54份不同遗传背景的黄瓜材料的具体来源和出处详见Zhang等于2010年在《Journal of the American Society for Horticultural Science》第135期第53-58页发表的文章《Genetic Mapping of the Scab Resistance Gene in Cucumber》。其中29份为抗性材料,25份为感病材料。
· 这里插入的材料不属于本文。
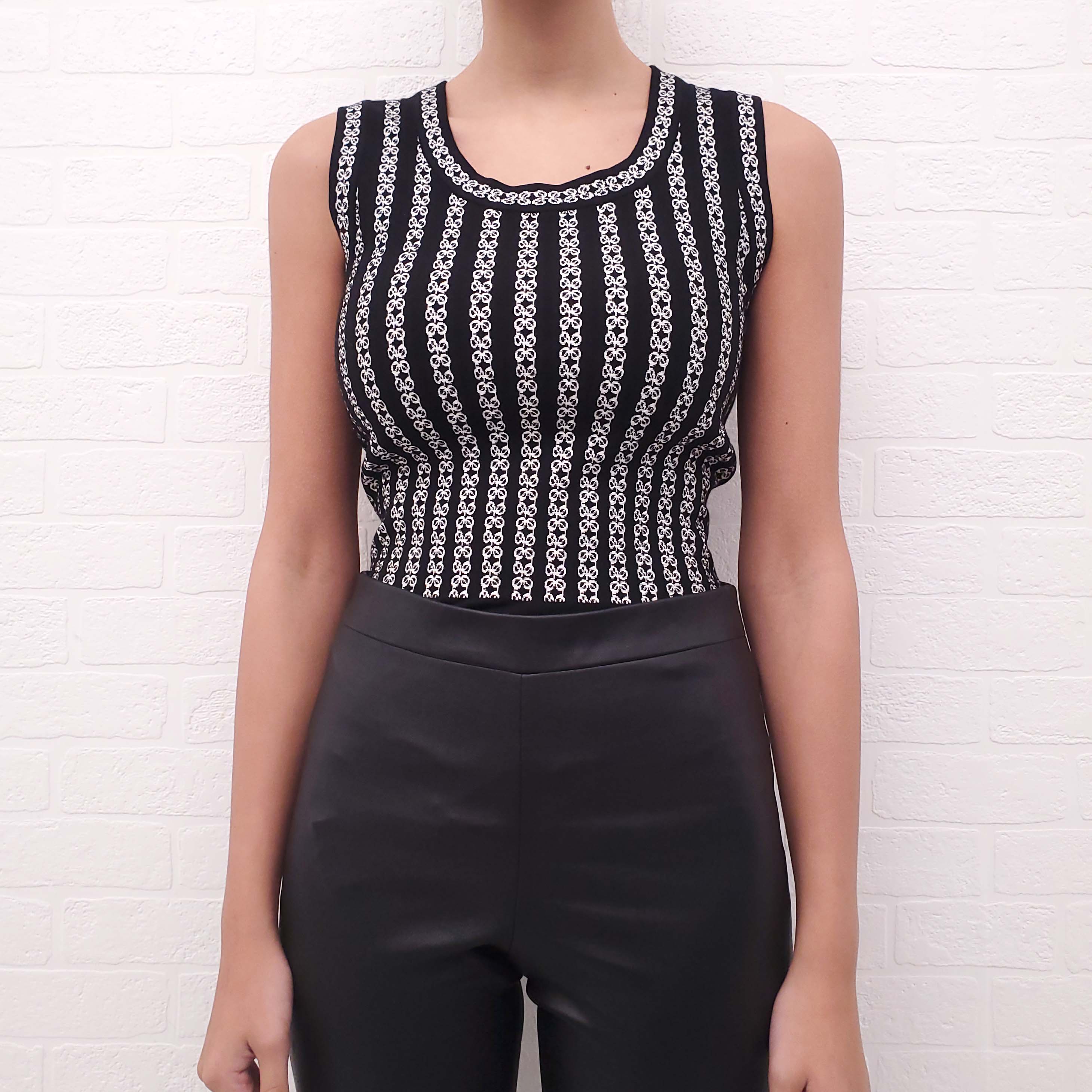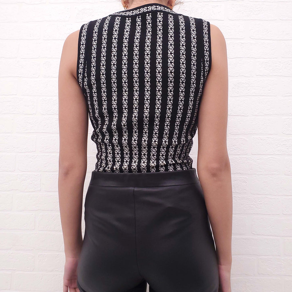 ALAÏA BLACK AND WHITE PATTERNED BODYSUIT - SIZE 38

重测序的基因组信息详见Qi等在《Nature Genetics》杂志2013年发表的论文《Agenomic variation map provides insights into the genetic basis of cucumberdomestication and diversity》
Indel标记引物是本实验室基于两亲本重测序的基因组信息、利用primer 3.0软件设计得到。
主要试剂
SSR引物来自国际黄瓜基因组计划(ICUGI);PCR实验使用Shanghai PromeGa公司的GoTaq Green Master Mix;
凝胶电泳使用康润公司的40%非变性聚丙烯酰胺,将其稀释至6%后使用。
实施例1.与黄瓜抗WMV基因wmv连锁的wmvIndel3标记的获得
步骤1.黄瓜WMV苗期抗性鉴定
本试验以黄瓜高代自交系65G(感病)和02245(抗病)为母本和父本,自交获得F1、F2群体及F2:3家系。2013年秋,在中国农业科学院蔬菜花卉研究所病理课题组人工气候室对F1及137个F2:3家系进行WMV苗期人工摩擦接种,其中每个家系种植15株,待第一片真叶展平时,进行接种鉴定。
待第一次接种20天后,进行调查,将病情划分为6个等级,分别为:0级,无症状;1级,心叶明脉或轻花叶;3级,心叶及中部叶片花叶;5级,心叶及中部叶片花叶,少数叶片畸形、皱缩;7级,重花叶,多数叶片畸形、皱缩;9级,重花叶,叶片明显畸形,植株矮化,甚至死亡。同时为了检测接种植株中病毒的含量,在调查后,采用了酶联免疫吸附(Enzyme-LinkedImmunosorbent Assay,ELISA)方法对黄瓜植株的心叶中的病毒含量进行检测。根据调查及ELISA检测结果判断植株对WMV是否有抗性,然后使用Microsoft Excel2007及SAS9.2软件进行数据统计分析,判断分离比。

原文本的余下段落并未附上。